Соседка по дому сказала ей как-то:
— Наверно, у вас жизнь была легкая, потому и выглядите такой…
Она ответила:
— Я была на фронте с сорок первого до самого последнего дня. А на фронте, как известно, год за три считается, не меньше, так что, если хотите, мне уже по этому счету чуть ли не на восьмой десяток перевалило. Правда, — добавила она, — у меня было счастье, самое настоящее: хороший муж, работа, которую я любила, и еще хороший сын тоже. Работа и сын остались, а мужа уже нет…
Еще в детстве Алевтина мечтала стать врачом, как бабушка.
Любимая игра ее была в доктора: нацепив на голову белую бабушкину докторскую шапочку, взяв в руки молоточек, она с серьезным видом выстукивала, выслушивала своих подружек и немедленно ставила диагноз:
— У вас воспаление легких… А у вас язва желудка, надо будет лечь в клинику… А у тебя
открытый перелом со смещением…Иные удивлялись: почему у девочки такое странное имя? Вроде бы устаревшее, совершенно немодное, даже и не очень удобное для произношения. Алевтина поясняла терпеливо: в ее имени отражены два имени, бабушки Аллы и дедушки Левона, по-русски Льва.
Незадолго до рождения внучки умер дед Левон. Бабушка сказала тогда:
— Пусть в ее имя войдут оба имени, мое и Левона.
— Как это может быть? — удивилась невестка.
— Что-нибудь придумаю, — ответила бабушка. И придумала.
Девочку назвали Алевтиной, позднее, в детском саду и в школе, ее все звали Алей, но дома только полностью, без сокращений — Алевтина.
Жили они все вместе: отец, мать, дочка и бабушка.
Отец Алевтины в юности хотел, подобно бабушке, стать врачом. Бабушка первая воспротивилась:
— Ты — хороший парень, но нетерпеливый. А врач должен прежде всего обладать большой выдержкой, если хочешь, даже ангельской, вот так-то!

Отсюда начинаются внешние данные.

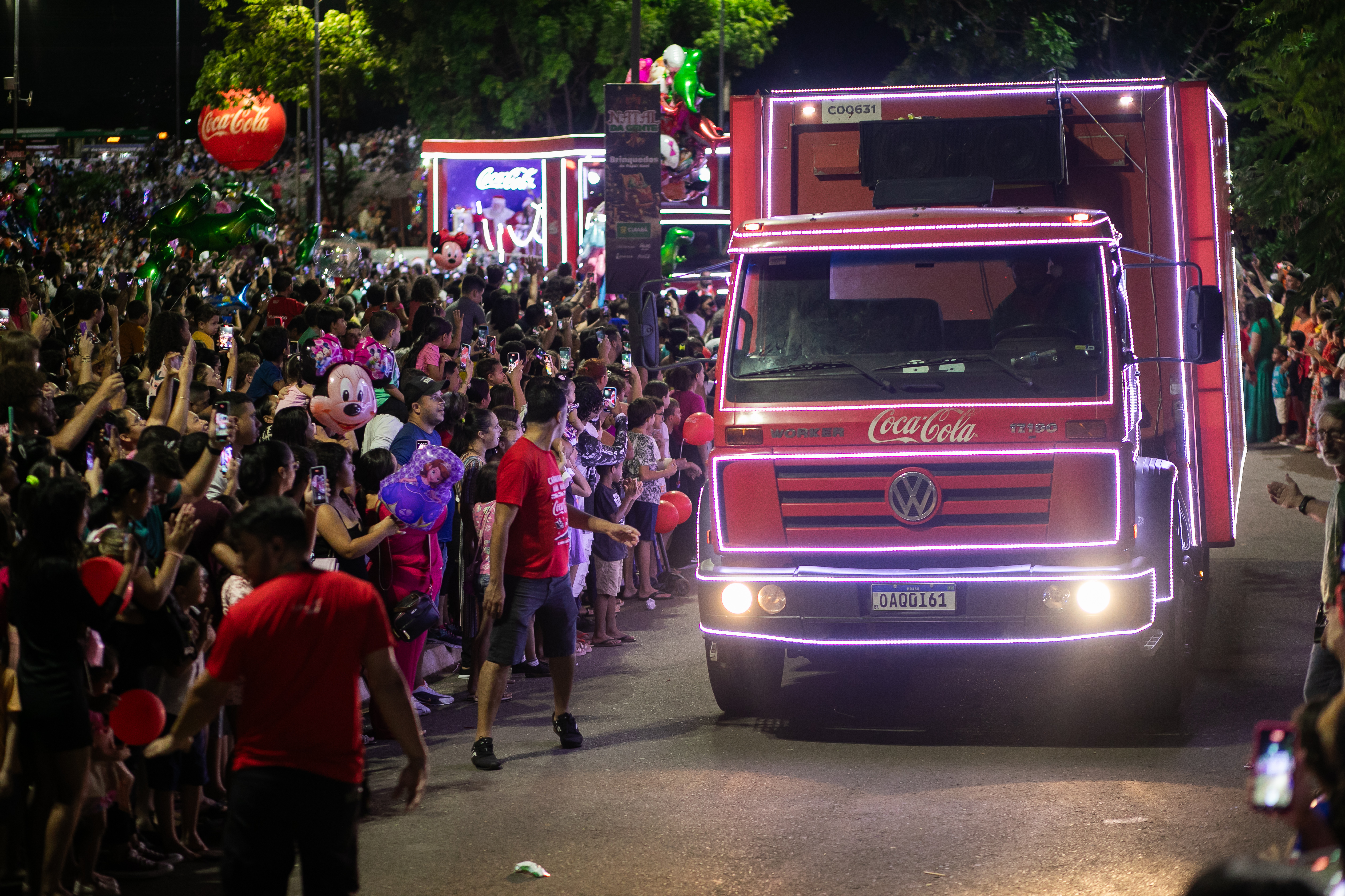 O grande marco da noite de abertura, que contou com a presença da primeira-dama, Márcia Pinheiro, foi o espetáculo da Coca-Cola, que iluminou o céu com 600 drones, projetando figuras gigantes e símbolos natalinos icônicos, como os caminhões de Natal, Papai Noel e seu trenó, a árvore de Natal e figuras da cuiabania, como a viola de cocho, tudo “suspenso no ar”.

Он и в самом деле был хороший парень, с покладистым характером, с чувством юмора, помогавшим переносить некоторые личные неудачи.
Он не нравился девушкам, потому что был чересчур маленького роста, довольно невзрачный. Спорить с бабушкой не стал, в их семье не принято было возражать бабушке, и потому поступил в МВТУ, решив стать инженером.
— Дело, — одобрила бабушка, — это по тебе.
Прошло года два с половиной, и однажды он привел в дом девушку, маленькую, чуть ниже его ростом, беленькую, с виду не очень красивую, однако она понравилась родителям неподдельной искренностью и открытостью, которые ощущались во всем ее существе, врожденной, непоказной мягкостью.
Сын, привыкший всегда и во всем советоваться с родителями, сказал на этот раз утвердительно:
— Мы решили пожениться. Мы любим друг друга.
— Хорошо, — сразу же согласился отец, мать помедлила немного:
— Пусть будет так, но жить будем вместе. Так и скажи своей избраннице.
Свадьбу справили богатую, невеста была круглая сирота, воспитывалась в детском доме, с ее стороны не было ни единого родича, одни подруги да соседи по общежитию, зато со стороны жениха наехало полным-полно родни из Еревана — и чего-чего только они не привезли с собой! Мясо молодого барашка для шашлыка, кур для сациви, гранаты, виноград, дыни. Двоюродная тетка отца тетя Ануш, самая старейшая из гостей, ей шел уже восемьдесят третий год, привезла огромную кастрюлю с долмой.
— Что же это за свадьба без долмы? — громогласно спросила тетя Ануш. — Неужели я зря старалась?
— Что вы, тетя, — сказал жених, — конечно, не зря!
— Тогда ешьте все, — приказала тетя Ануш, — чтобы тарелки сверкали, как алмазы!
И тарелки сверкали, словно алмазы, и гости, как это обычно водится на всех свадьбах, дружно кричали «горько», и невеста в белом крепдешиновом платье с серебряной цепочкой на шее, оживленная и разрумянившаяся, казалась почти хорошенькой, но, само собой, даже несмотря на разницу лет, она намного уступала матери жениха.